## RECORDS FOR THIS TASK:
--------------------------------------------------
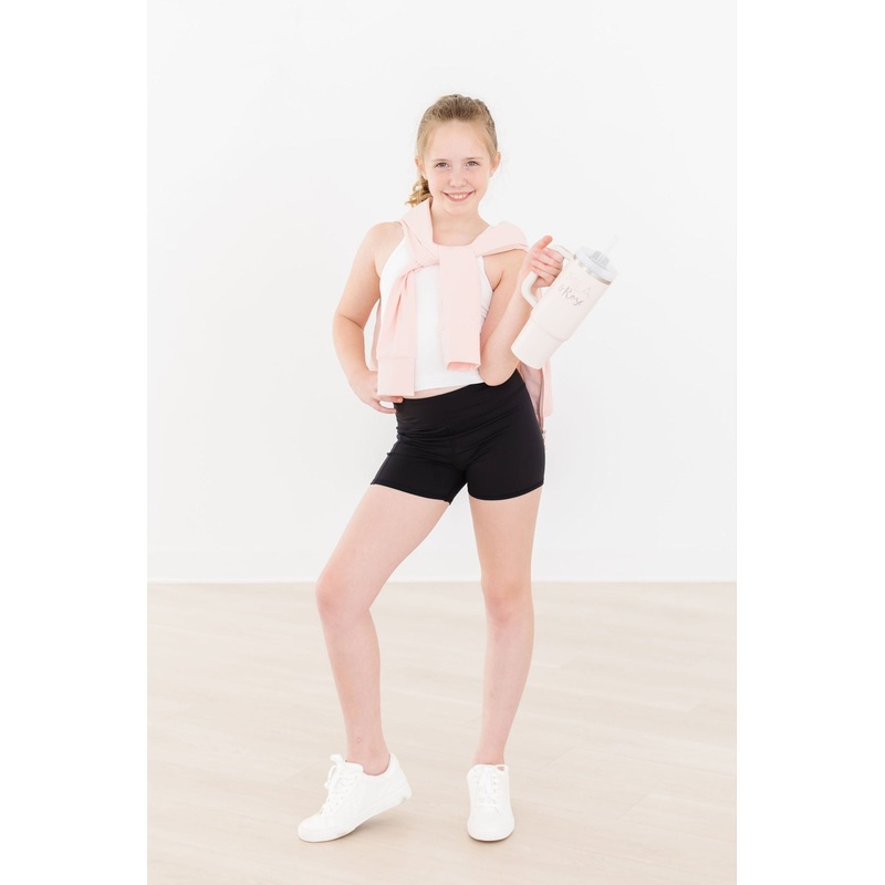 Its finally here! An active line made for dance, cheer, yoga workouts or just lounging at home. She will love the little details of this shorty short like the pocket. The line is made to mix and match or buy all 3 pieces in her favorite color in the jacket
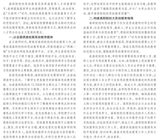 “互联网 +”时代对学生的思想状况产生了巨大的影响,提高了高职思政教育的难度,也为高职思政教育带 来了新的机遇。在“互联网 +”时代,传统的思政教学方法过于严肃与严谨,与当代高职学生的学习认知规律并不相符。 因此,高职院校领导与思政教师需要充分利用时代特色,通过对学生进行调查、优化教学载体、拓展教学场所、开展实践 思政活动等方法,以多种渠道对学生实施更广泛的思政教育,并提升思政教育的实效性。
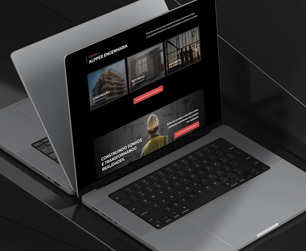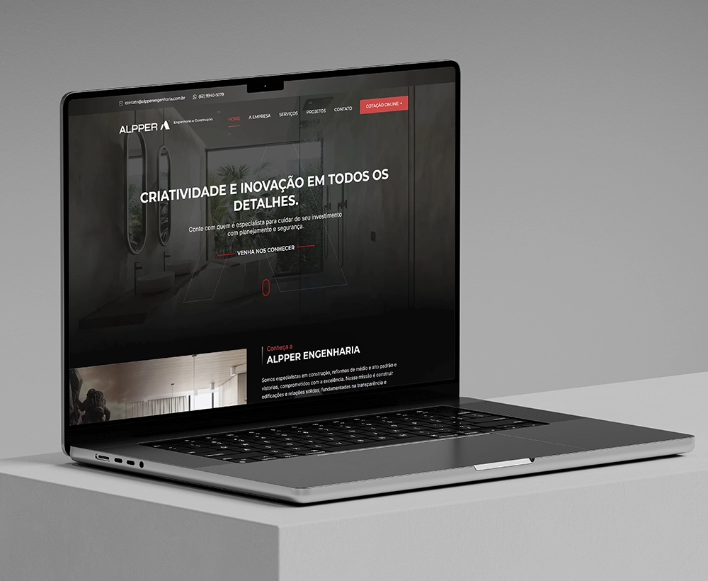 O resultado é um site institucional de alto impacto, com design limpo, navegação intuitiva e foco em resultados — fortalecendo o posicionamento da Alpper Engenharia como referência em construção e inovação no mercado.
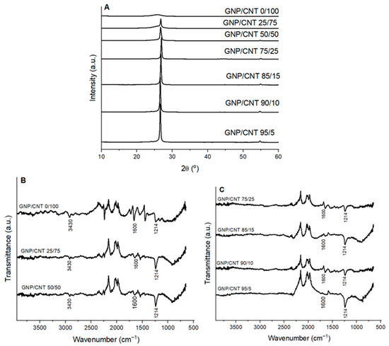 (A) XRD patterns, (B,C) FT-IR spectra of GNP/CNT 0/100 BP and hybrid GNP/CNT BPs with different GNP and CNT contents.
--------------------------------------------------
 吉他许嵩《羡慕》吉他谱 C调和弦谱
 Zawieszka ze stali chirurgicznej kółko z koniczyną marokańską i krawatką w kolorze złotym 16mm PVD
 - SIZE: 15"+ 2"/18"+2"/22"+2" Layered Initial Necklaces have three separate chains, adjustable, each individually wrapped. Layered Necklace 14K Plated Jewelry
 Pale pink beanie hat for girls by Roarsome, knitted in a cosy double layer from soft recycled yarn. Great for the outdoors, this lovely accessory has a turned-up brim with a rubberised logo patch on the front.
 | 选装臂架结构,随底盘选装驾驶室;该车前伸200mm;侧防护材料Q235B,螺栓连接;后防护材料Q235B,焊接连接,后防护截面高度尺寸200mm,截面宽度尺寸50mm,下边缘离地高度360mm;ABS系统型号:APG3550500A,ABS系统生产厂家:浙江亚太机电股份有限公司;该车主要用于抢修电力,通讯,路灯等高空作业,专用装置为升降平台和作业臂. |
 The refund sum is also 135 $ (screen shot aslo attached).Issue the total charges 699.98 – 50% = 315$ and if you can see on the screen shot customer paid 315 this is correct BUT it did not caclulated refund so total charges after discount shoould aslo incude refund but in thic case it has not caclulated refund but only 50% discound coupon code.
--------------------------------------------------
## THE PROBLEM:
Quote word for word only the lines above from the one containing "Its finally here!" through the one containing "(A) XRD patterns, (B,C)". Pictures stay out of your copy.

## REPLY TO THE EXERCISE:
 Its finally here! An active line made for dance, cheer, yoga workouts or just lounging at home. She will love the little details of this shorty short like the pocket. The line is made to mix and match or buy all 3 pieces in her favorite color in the jacket
 “互联网 +”时代对学生的思想状况产生了巨大的影响,提高了高职思政教育的难度,也为高职思政教育带 来了新的机遇。在“互联网 +”时代,传统的思政教学方法过于严肃与严谨,与当代高职学生的学习认知规律并不相符。 因此,高职院校领导与思政教师需要充分利用时代特色,通过对学生进行调查、优化教学载体、拓展教学场所、开展实践 思政活动等方法,以多种渠道对学生实施更广泛的思政教育,并提升思政教育的实效性。
 O resultado é um site institucional de alto impacto, com design limpo, navegação intuitiva e foco em resultados — fortalecendo o posicionamento da Alpper Engenharia como referência em construção e inovação no mercado.
 (A) XRD patterns, (B,C) FT-IR spectra of GNP/CNT 0/100 BP and hybrid GNP/CNT BPs with different GNP and CNT contents.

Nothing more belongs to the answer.